*** Opening INFORMATION ***
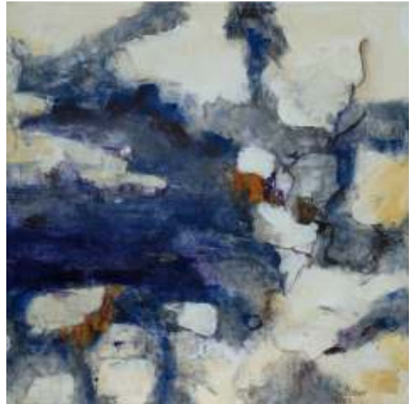
Wintersteine I und II | Acryl auf Leinwand, je 100 x 100 cm
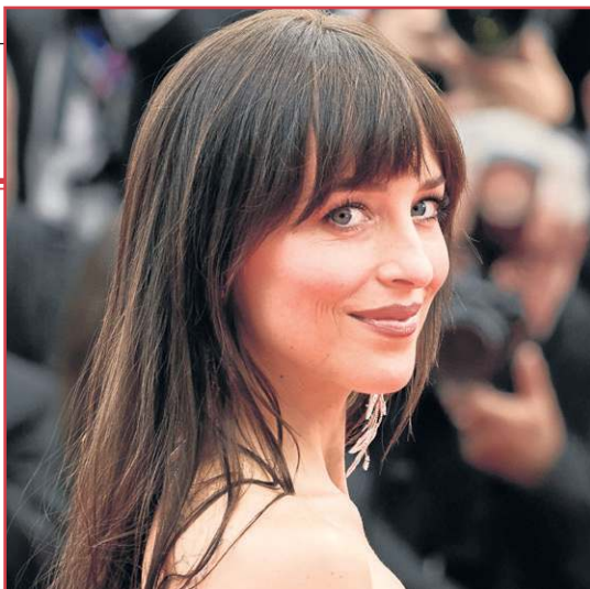
A atriz Dakota Johnson ostenta franjas desde criança
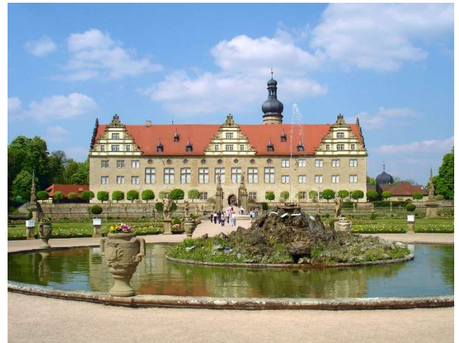
Schloss Weikersheim

Nur wenige Kilometer entfernt liegt im Taubertal Schloss Weikersheim . Auf den Mauern einer mittelalterlichen Wasserburg errichteten die Grafen von Hohenlohe am Ende des 16. Jahrhunderts eine prachtvolle Anlage im Stil der Renaissance , deren dreieckiger Grundriss architektonisch einzigartig ist. In dieser Zeit entstand auch der Saalbau mit dem Rittersaal und die Gartenfassade mit ihren markanten Giebeln. Im Anschluss an Ihre Schlossführung bietet sich die Gelegenheit zu einem Spaziergang durch den wunderschön angelegten Park.
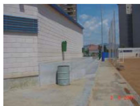
Graderia del camp de futbol
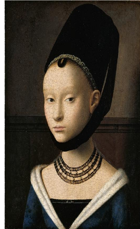
Петрус Кристус. Портрет молодой девушки, ок. 1490.
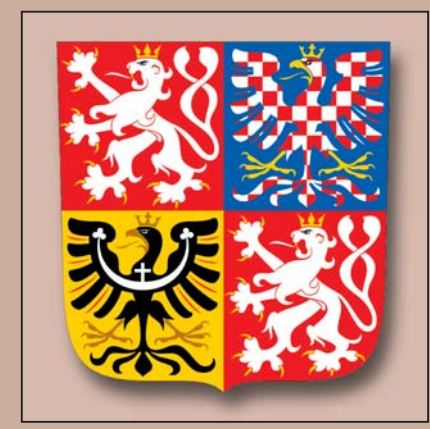
Současný znak České republiky, kresba František Štorm
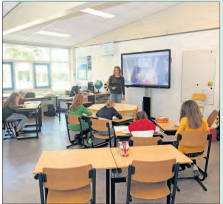
In de lokalen is extra ruimte gecreëerd zodat er zoveel mogelijk afstand gehouden kan worden
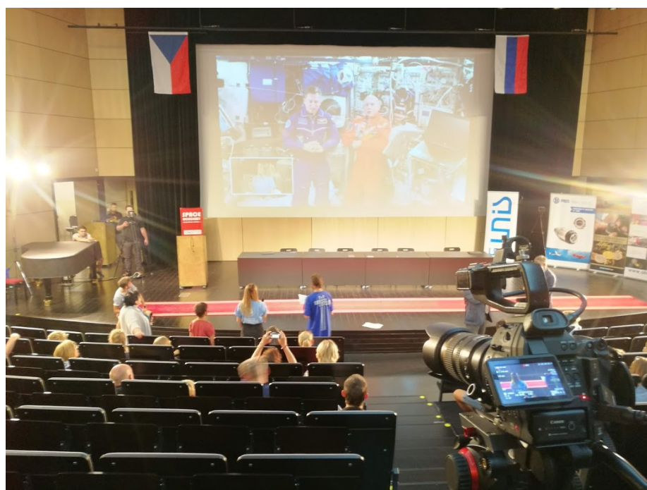
Obrázek 9: AVC.SH se spojuje s ISS
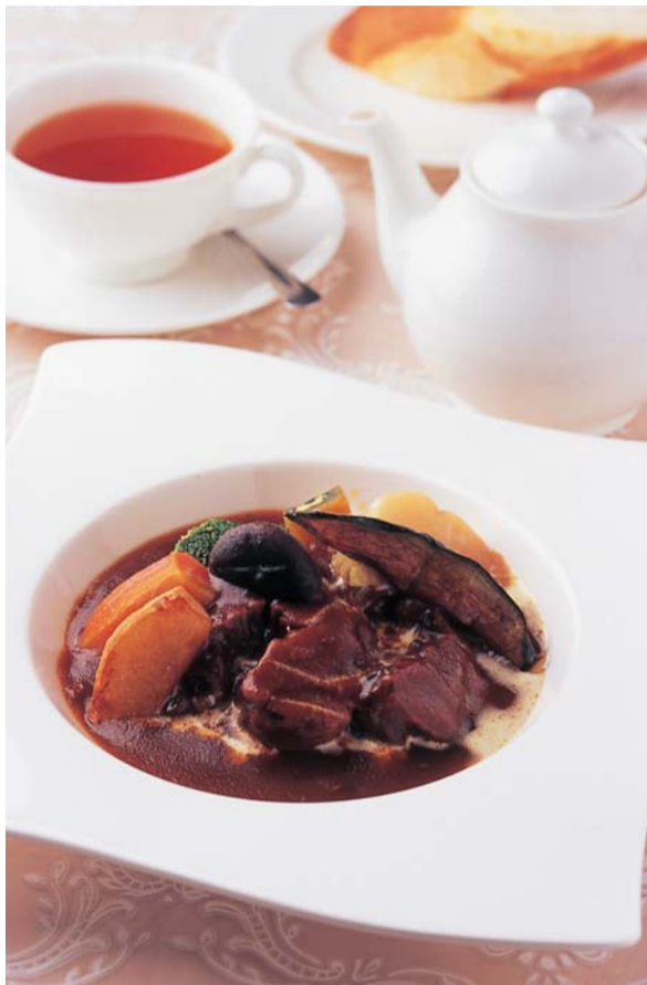
肉料理は素材の旨味をシンプルに引き出した、鹿児島茶美豚の骨付きロース肉のグリル。魚料理はトマトソースの甘みの中で唐辛子がピリリと主張する、黒メバルのカラブリア風。
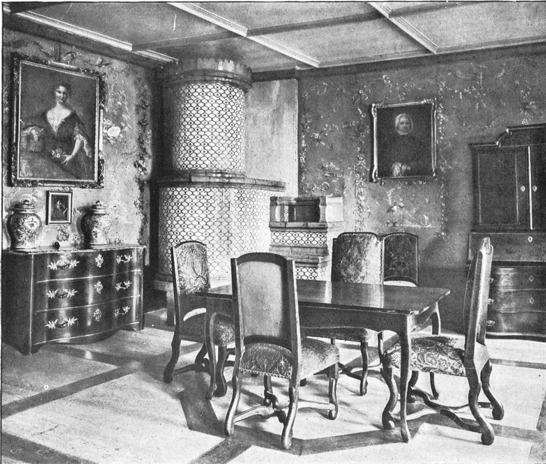
Die «gelbe» oder «Salis-Stube», das Sterbezimmer der Marie-Louise im Schloß Wildegg
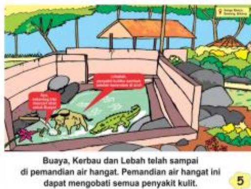
Gambar 7. Halaman Kelima Cerita oleh Novita Lusiana (2020)

Cerita media big book di halaman keempat dan kelima yang diangkat oleh Novita Lusiana (2020) berlatar di pemandian air panas Sangu Banyu di Desa Pesangrahan, Kecamatan Bawang. Menurut Nur Khikmah (2018: 1) berendam di pemandian air hangat Sangu Banyu sampai saat ini dipercaya oleh masyarakat sekitar dapat menyembuhkan penyakit kulit.
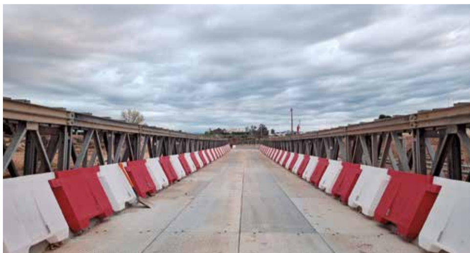
Nuevo puente provisional de conexión con la zona norte de Riba-roja.
*** Closing INFORMATION ***
● **WHAT NEEDS TO BE DONE**
Where a line contains "Graderia del camp de futbol", begin there and set down exactly each line through the end of the data above, omitting any pictures.

● **REPLY**
Graderia del camp de futbol
Петрус Кристус. Портрет молодой девушки, ок. 1490.
Současný znak České republiky, kresba František Štorm
In de lokalen is extra ruimte gecreëerd zodat er zoveel mogelijk afstand gehouden kan worden
Obrázek 9: AVC.SH se spojuje s ISS
肉料理は素材の旨味をシンプルに引き出した、鹿児島茶美豚の骨付きロース肉のグリル。魚料理はトマトソースの甘みの中で唐辛子がピリリと主張する、黒メバルのカラブリア風。
Die «gelbe» oder «Salis-Stube», das Sterbezimmer der Marie-Louise im Schloß Wildegg
Gambar 7. Halaman Kelima Cerita oleh Novita Lusiana (2020)

Cerita media big book di halaman keempat dan kelima yang diangkat oleh Novita Lusiana (2020) berlatar di pemandian air panas Sangu Banyu di Desa Pesangrahan, Kecamatan Bawang. Menurut Nur Khikmah (2018: 1) berendam di pemandian air hangat Sangu Banyu sampai saat ini dipercaya oleh masyarakat sekitar dapat menyembuhkan penyakit kulit.
Nuevo puente provisional de conexión con la zona norte de Riba-roja.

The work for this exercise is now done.